We’re not just talking about census pages either. Consider a marriage certificate. You might be attaching details (citation or scan) to both the bride and the groom, but what about their fathers? Both of these would be mentioned on many certificates so you might be able to glean evidence of their names and occupations too. Do you also transcribe the marriage date and record it separately in the timeline for each of these individuals? If you had initially misread the date because it was so faint then does that mean you have proliferated the error? There’s always the very real risk, too, that you may have picked the wrong marriage and need to undo those associations.

The same issue applies to a birth certificate since it probably contains the parents’ names (whether married or not) and the father’s occupation. You may be surprised but this issue even applies to photographs. For instance, I have a group photograph of my grandparents and their family that was printed in a Nottingham newspaper in the 1950s. Do I attach that image to every one of those people in my data, together with details on where and when it was taken, plus the newspaper citation, plus the newspaper caption that went with it? Your choice of software makes a big difference in how serious an issue this is to you, but there is a better way.

[…come on, Tony, get to the point…]

OK, I think the astute readers have already guessed where I’m taking this, especially since I have set the stage by writing about the importance of events in recent blog posts[1][2]. The thing is that the vast majority of our evidence – if not all of it – relates to events; things that happened in a particular place at a particular time. The people involved in all of the cases illustrated here are sharing certain events (i.e. a census, a marriage, a birth, and a family group outing). The record (or document, or artefact) details are therefore best associated with the Event entity in the data, and the relevant Person entities linked to the Event with their respective roles.

Multi-Person Events were described in more detail in my previous posts, but where does that leave the information extracted from one of these event-orientated data sources? For instance, if source details are now associated with an Event then how do you associate the items of extracted information (i.e. Properties[3]) with each of the Persons sharing that Event?

This figure illustrates a marriage event using similar symbols to those of my previous posts. We can see that bride and groom are both connected to the Event entity, as well as the pairs’ fathers, and they would each be distinguished by their respective Role[4]. The source details (citation, image, etc.) are associated only with the Event, but the Properties – the items of extracted information that are relevant to each of those Persons – are associated with the individual Event-to-Person connections, not specifically the Persons or the Event. This is important since an Event may have more than one Person connected to it, and each Person will have more than one Event connected to it.

This natural factoring of the data results in less duplication and redundancy, but at no loss of information. What we’re avoiding is dumping the same source details on every associated Person simply because that source yields some evidence about them. When several Persons are sharing the same Event, different Properties may be derived for each of them but the source information as a whole describes the Event.

For any code-junkies, an example of how this is represented in STEMMA^® can be found at Single Source Events, and a further example involving multiple sources for the same event at Multi-Source Events.

Of course, not all software can actually do this since it requires support for shared Events.

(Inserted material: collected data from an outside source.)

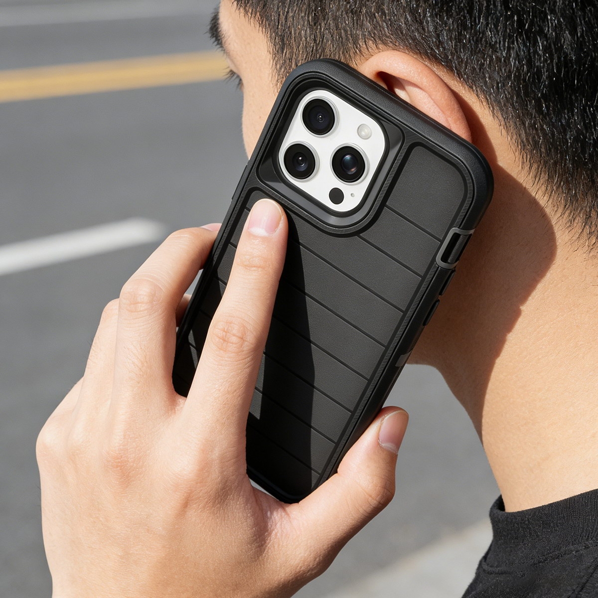 • 3-Layer Interlocking Structure: It consists of a solid inner polycarbonate (PC) frame that encases the phone, surrounded by a flexible outer rubber shell to absorb impact.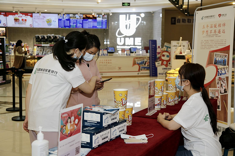 3月21日下午,郵儲銀行重慶分行在龍湖時代天街UME國際影城電影院門口開展了“郵愛公益”現(xiàn)場捐贈活動,吸引不少群眾前來捐款。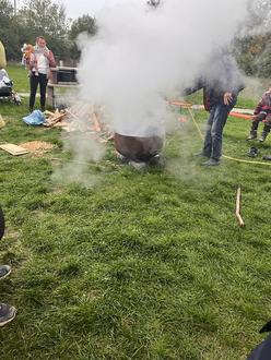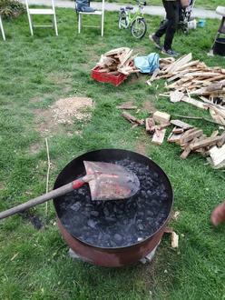 Viel Spaß hatten die Kinder, Holz heran zu tragen und in die große Feuerschale zu werfen. Unter den wachsamen Augen ihrer Eltern warfen sie mit Faszination und Respekt immer wieder Holzstücke in das offene Feuer nach. Bevor die Glut zu Asche zerfallen würde, lösche Sitki Kurhan sie mit Wasser ab. So blieb die Kohlestruktur erhalten, die weiter verwertet werden kann.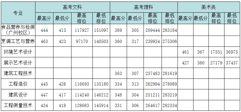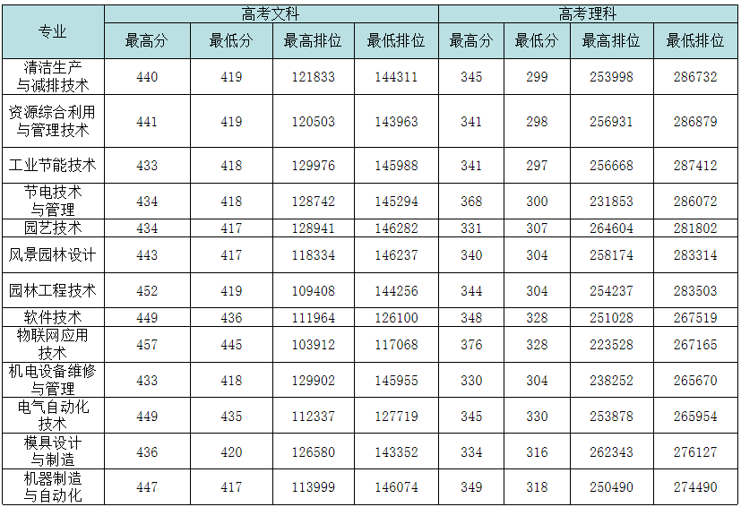 广东环境保护工程职业学院2019年专科各省各专业录取分数线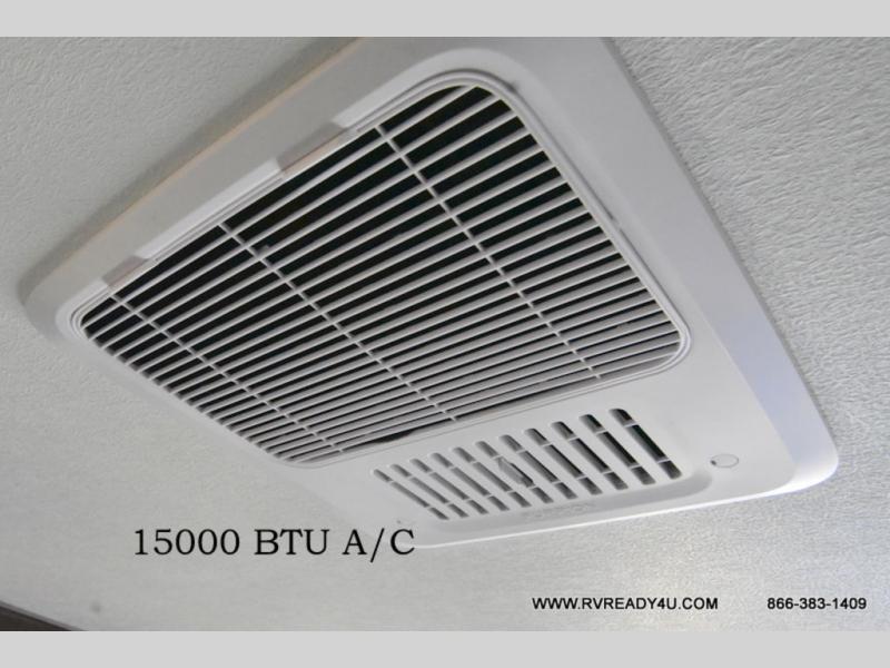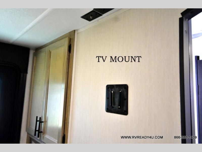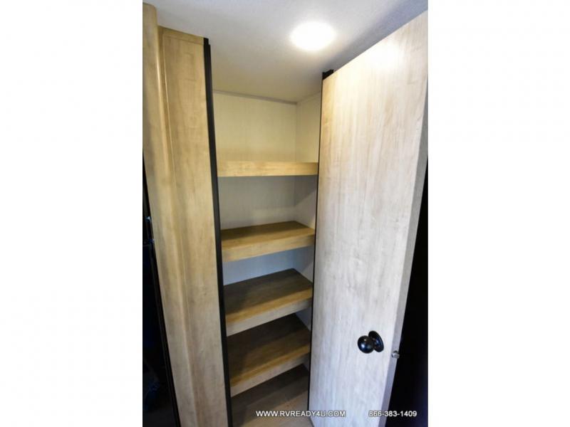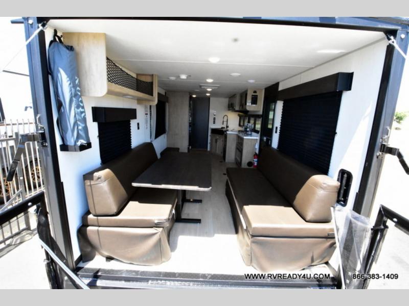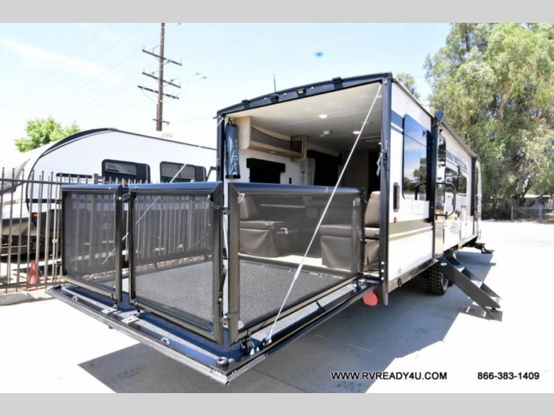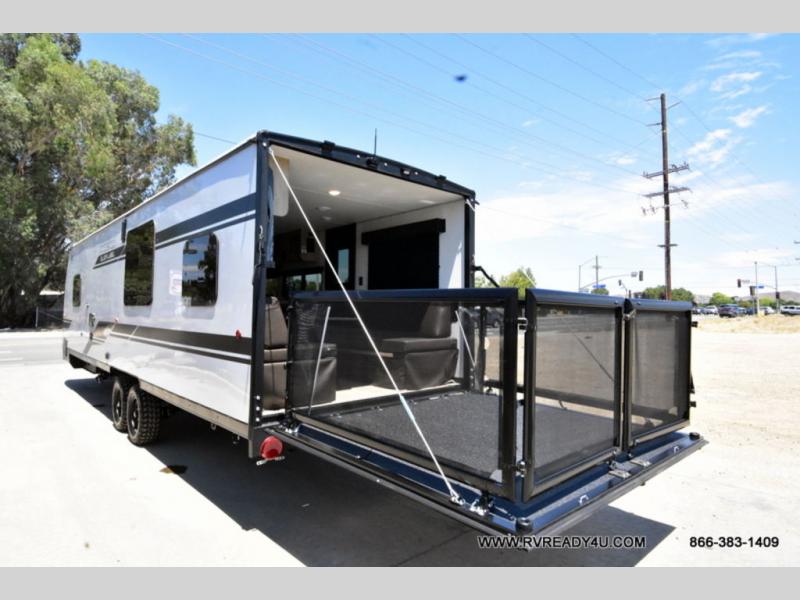 This dual entry toy hauler will allow you to enter in through the main living area or the front master bedroom for convenience! There is a walk-through bath that will be easily accessible for everyone, and there is plenty of storage space for personal belongings. Head to the full kitchen to prepare a home cooked meal, or head outdoors to enjoy the mini kitchen. There is also an outside TV mount if you brought a TV along, and a 15' power awning to provide shade. You can easily unload your toys using the ramp door, then relax on the fold-down sofas with a removable tale.

You’re probably thinking, though, ‘what if I have conflicting Properties such as a date-of-birth?’. We all know that we may get conflicting Properties from different sources, but I haven’t changed that by describing this approach. The final set of conclusion Properties that you associate with each Person will be the result of assessing the aggregated evidence for them – the evidence Properties from each of the Events in their timeline. This has always been the case since no one has multiple dates of birth! All I’ve done is re-factor the sources and the evidence.

So what’s the advantage of this? Well, apart from avoiding unnecessary redundancy, the scheme is modelling the true nature of the data relationships. This is what I meant by the issue being partly philosophical above. Perhaps more important, though, is that your data is then organised according to the natural timeline. If you want to present a timeline, either in a report or on your screen, then it doesn’t have to be forced, and it can accommodate the lives of multiple people when necessary.

Unfortunately, the future looks a little bleak for this. There are many people who do not adopt this approach, either because their software cannot handle it or because it’s not the way that they were taught, and their data will never change. Even if their software improves or changes, and even if some new data standard emerges that better models real-life, then their data cannot be re-factored automatically to become better organised. It’s set in stone.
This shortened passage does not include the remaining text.